▶ Requirement: Find the line with "12月11日下午,我校特邀贺" in the data below. Repeat it and every line after it up to the end, exactly, but drop the pictures.

Stored data entries:
----
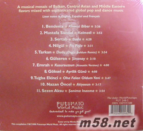 Turkish Groove 時尚舞曲精選系列 (8) 舞動土耳其 曲目(m58.net) 傳統土耳其樂器齊特琴、魯特琴、手鼓與時尚節拍完美結合,威震巴爾干、中東、北非、土耳其巨星作品全收錄! 世界音樂名廠Putumayo的作品中,除了Lounge 時尚沙發系列之外,就屬Groove 時尚舞曲精選系世界音樂名廠Putumayo的作品中,除了Lounge 時尚沙發系列之外,就屬Groove 時尚舞曲精選系列最受全球樂迷歡迎了。當Hip-Hop(嘻哈)、Techno(科技)、Electronica(電音)、R&B(節奏藍調)、House(浩室)、Funk(放克)等這些時尚前衛舞曲節拍,隨著英美主流舞曲攻陷全球大小舞場之后,逐漸與各地區民族特有的節奏與音樂結合,再加入以當地語言演唱及傳統樂器演奏編曲后,創造了不同地域風味的Groove。土耳其地處中東、東歐及北非的交界,自古來就是這三種文化衝擊之地,音樂上也集此三區精華之大成,在Groove上的發展更是執該區域之牛耳,足見其重要程度。 土耳其是世界上唯一跨越歐亞交界的國家,雖然當地放眼望去都是充滿古文明色彩的建筑物,但是土耳其卻是世界公認最摩登的回教國家,這樣的文化衝突之下,讓神秘色彩的土耳其流行音樂,反而成為最近市場上詢問度最高的音樂類型。 此輯收錄了威震歐洲、中東及北非各地的土耳其巨星精彩Groove代表作,熟悉的嘻哈、放克、電音等舞曲節拍,與當地傳統樂器Kanun(用音槌敲擊的齊特琴)、Saz(長頸魯特琴)、Darbuka(漏斗型手鼓)巧妙結合后,百分百的流行感覺中又夾著濃郁熱情的中東風味。講到土耳其流行樂就一定少不了風靡中東與歐洲的男星Tarkan,首張專輯就締造200萬銷售記錄,此輯收入的”Dudu”更是舞場必播冠軍曲;而受Tarken提攜一起合作創作的才女Nazan Oncel,也貢獻了一曲”Atiyosun”,此曲完美的展現多種土耳其傳統樂器魅力,搭配嘻哈節奏及土耳其式的饒舌,豐富熱鬧且經典;唯一可與Tarken抗衡的男偶像Mustafa Sandal在作品”Kalmadi”中展現了土耳其在吉普賽熱力的一面;另一首由老將Sezen Aksu演唱的”Sanima Inanma”也有異曲同工之妙;另外家喻戶曉女星Sertab、近期爆紅的Bendeniz及Gulseren的作品,熱情能量四射,實非凡人能擋,這就是土耳其的魅力。
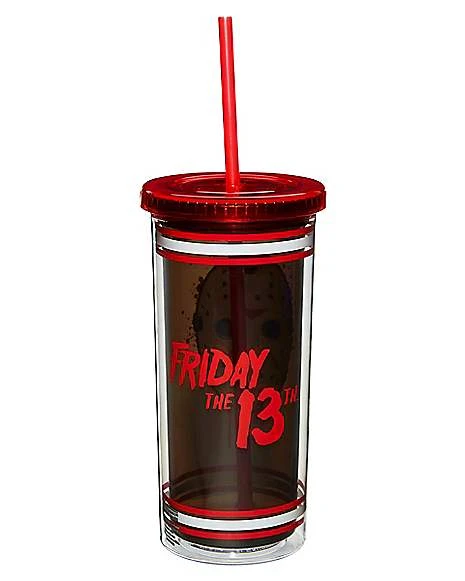 Screaming and running away from a killer all night can sure make you thirsty! Quench your thirst this Halloween with this officially licensed Jason Voorhess Jersey Cup with Straw and you’ll never have to worry about Jason catching you!
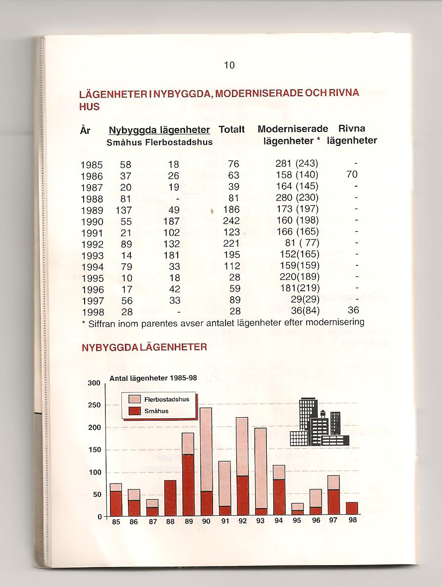 Befolkningen minskade med c:a 3.000 personer från 1976 till 1986 (35.284 lägst) och trots detta bygges ett stort antal nya lägenheter i staden. Det handlar om c:a 1.300 lägenheter åren 1986 – 1994 (se nedan). Denna omständighet talas det tyst om.
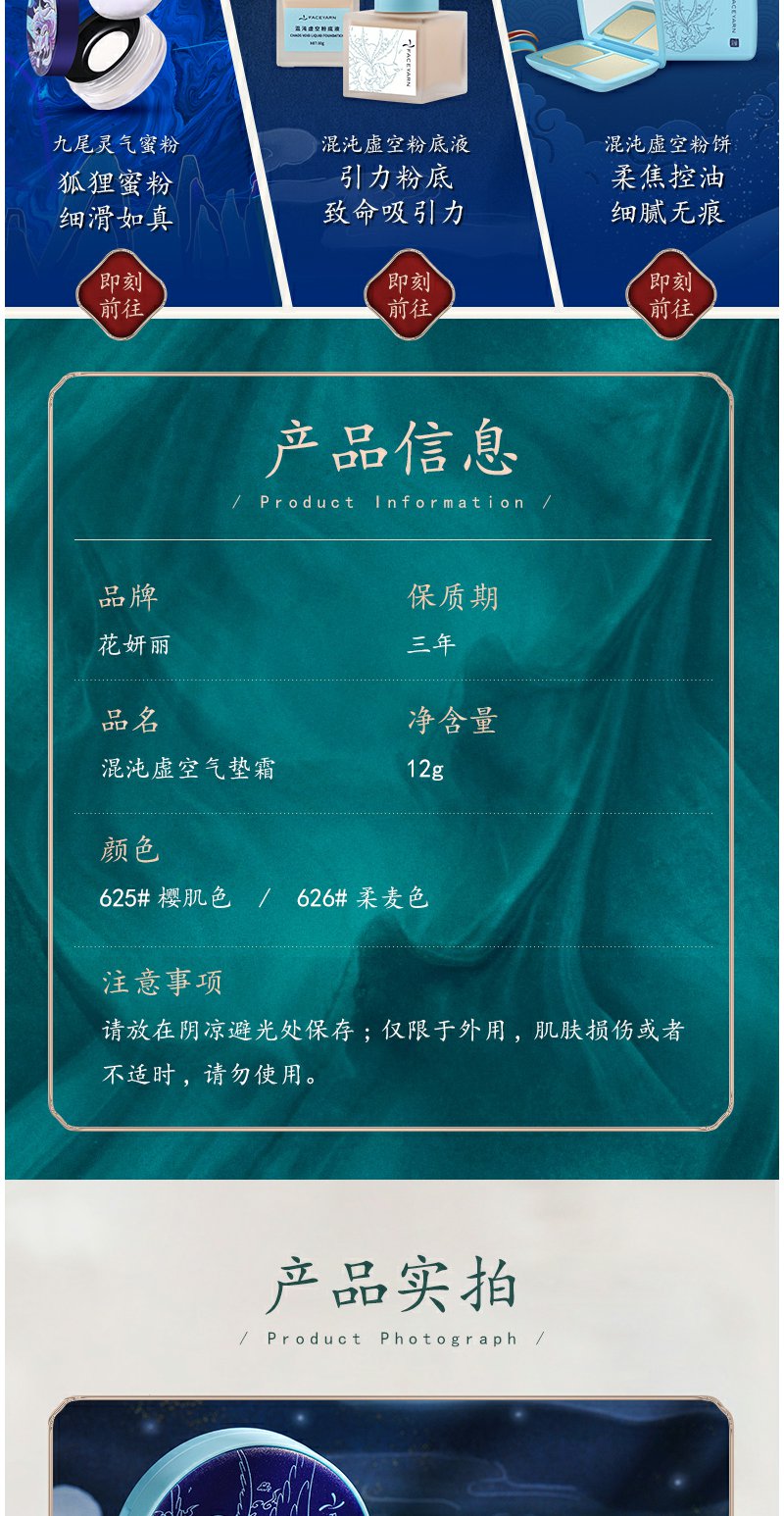 【线下专用】花妍丽混沌虚空气垫霜遮瑕保湿控油持久粉底不脱妆cc霜
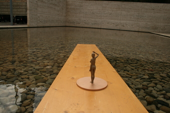 Das Foto gehört zur Serie "Deutscher Weltausstellungspavillon Barcelona 1929". Der deutsche Architekt Ludwig Mies van der Rohe entwarf diesen Pavillon. Er gilt heute als Architekturikone des 20. Jahrhunderts. Das Bild zeigt den Innenraum vom Pavillon mit der Skulptur "Der Morgen" des Künstlers Geog Kolbe. Es gelten die Nutzungsbedingungen der Mediothek und Pixiothek.
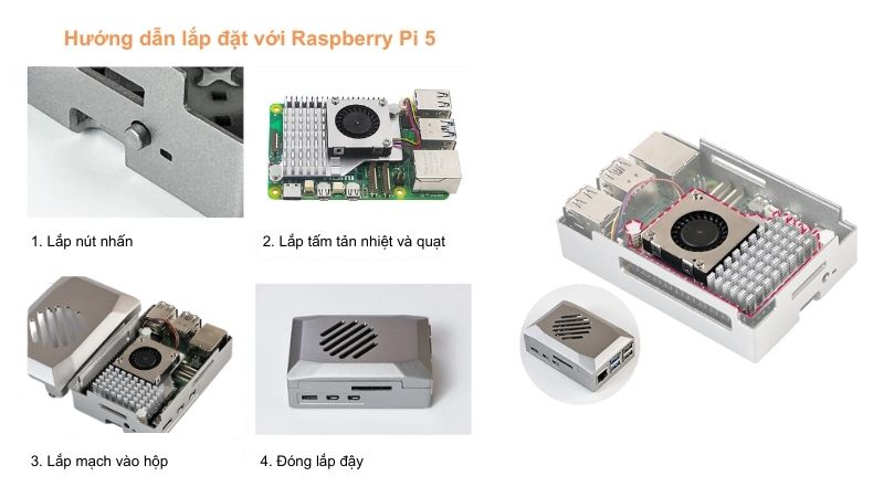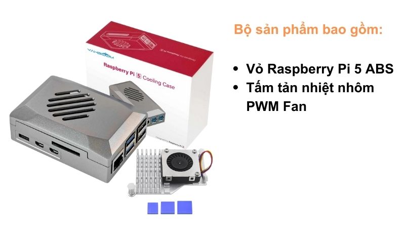 Lưu ý: Sản phẩm chỉ bao gồm vỏ case, tản nhiệt và quạt. Raspberry Pi 5 và các phụ kiện khác không được bao gồm.
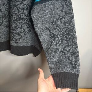 Stay cozy and stylish with this gray and blue patterned sweater. Perfect for any casual outing.
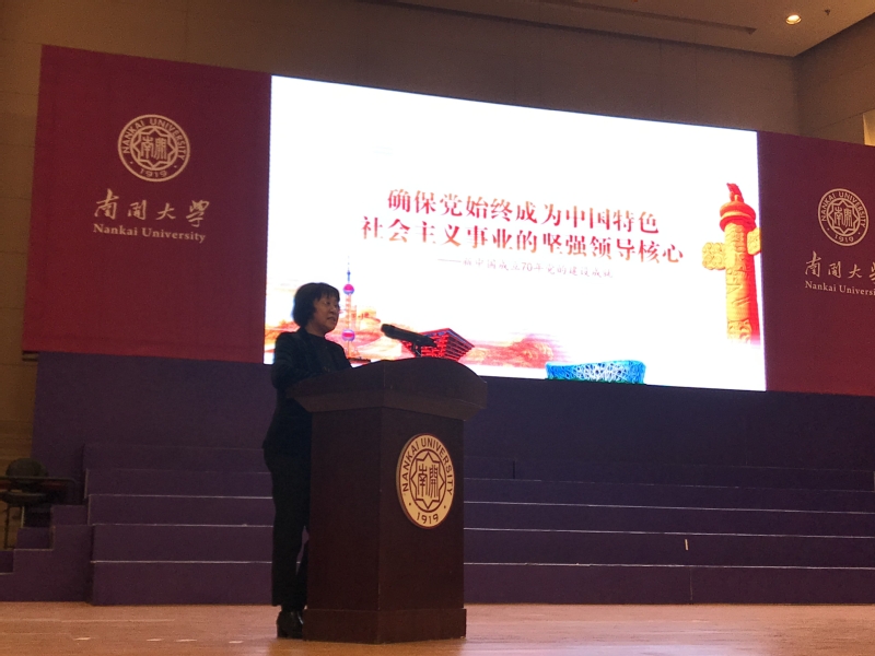 谢桂玲以中国共产党成立98年以来的历次代表大会为主线,依托丰富的历史资料、图片等素材,全方位呈现了建党98年以来艰辛而辉煌的风雨历程,带领广大师生理清党的历史发展脉络,并通过对比历史与现实社会发展状况,凸显了中国共产党建立以来带领中国人民取得的瞩目成就。谢桂玲强调,长期的探索和历史实践证明,没有共产党就没有新中国,只有坚持中国特色社会主义才能发展中国,中国共产党代表了人民的意愿和心声,顺应了历史的规律,是中国共产党带领中国从积贫积弱走向繁荣富强,党是光明的使者,幸福的源泉。
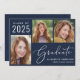 Simple Class of 2025 dark navy blue photo graduation announcement featuring a 3 picture collage and "Graduate" in an elegant white script. Add the grad's name, class year and school or university in modern white typography.
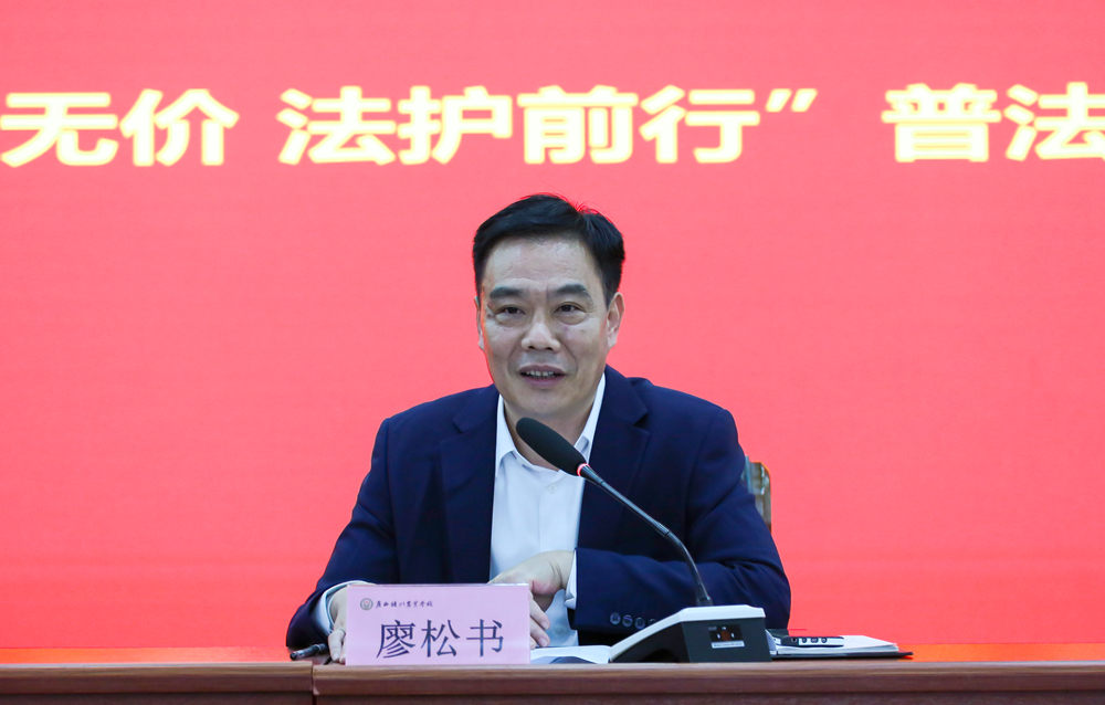 12月11日下午,我校特邀贺州市中级人民法院党组成员、副院长姚智文到校,开展以“青春无价 法护前行”为主题的普法课堂。学校各班级学生代表200余人参与法治教育。
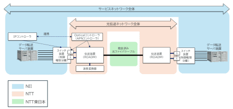 今回の実験で、NIIはデータ転送サーバーとIPコントローラーの開発、NTTはAPNコントローラーと波長変換技術及び制御権限分離技術の開発、NTT東日本は敷設済みの商用光ファイバーケーブルを用いた光ネットワークの構築を担った。
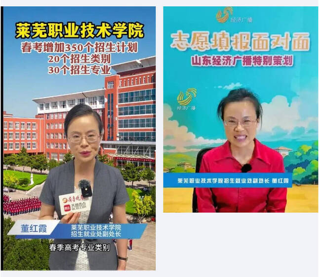 同时,学校充分利用网络平台的优势,参加了山东高考一点通的贺年片的录制,参加了山东省和济南市广播电台的招办负责人与考生面对面的节目访谈。并通过官方网站、微信公众号、抖音等新媒体渠道,发布了一系列招生宣传视频。以丰富多彩、生动形象的方式,全方位展示了学校的教学环境、师资力量、学生生活,让考生们更加直观地感受到了学校的魅力。其中,一些优秀校友的成功案例的分享更是激发了考生们对未来的憧憬和向往。
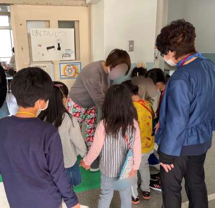 2年生は1年生に、いろいろな教室の場所を優しく教えていました。
----
▶ Result for this task:
 12月11日下午,我校特邀贺州市中级人民法院党组成员、副院长姚智文到校,开展以“青春无价 法护前行”为主题的普法课堂。学校各班级学生代表200余人参与法治教育。
 今回の実験で、NIIはデータ転送サーバーとIPコントローラーの開発、NTTはAPNコントローラーと波長変換技術及び制御権限分離技術の開発、NTT東日本は敷設済みの商用光ファイバーケーブルを用いた光ネットワークの構築を担った。
 同时,学校充分利用网络平台的优势,参加了山东高考一点通的贺年片的录制,参加了山东省和济南市广播电台的招办负责人与考生面对面的节目访谈。并通过官方网站、微信公众号、抖音等新媒体渠道,发布了一系列招生宣传视频。以丰富多彩、生动形象的方式,全方位展示了学校的教学环境、师资力量、学生生活,让考生们更加直观地感受到了学校的魅力。其中,一些优秀校友的成功案例的分享更是激发了考生们对未来的憧憬和向往。
 2年生は1年生に、いろいろな教室の場所を優しく教えていました。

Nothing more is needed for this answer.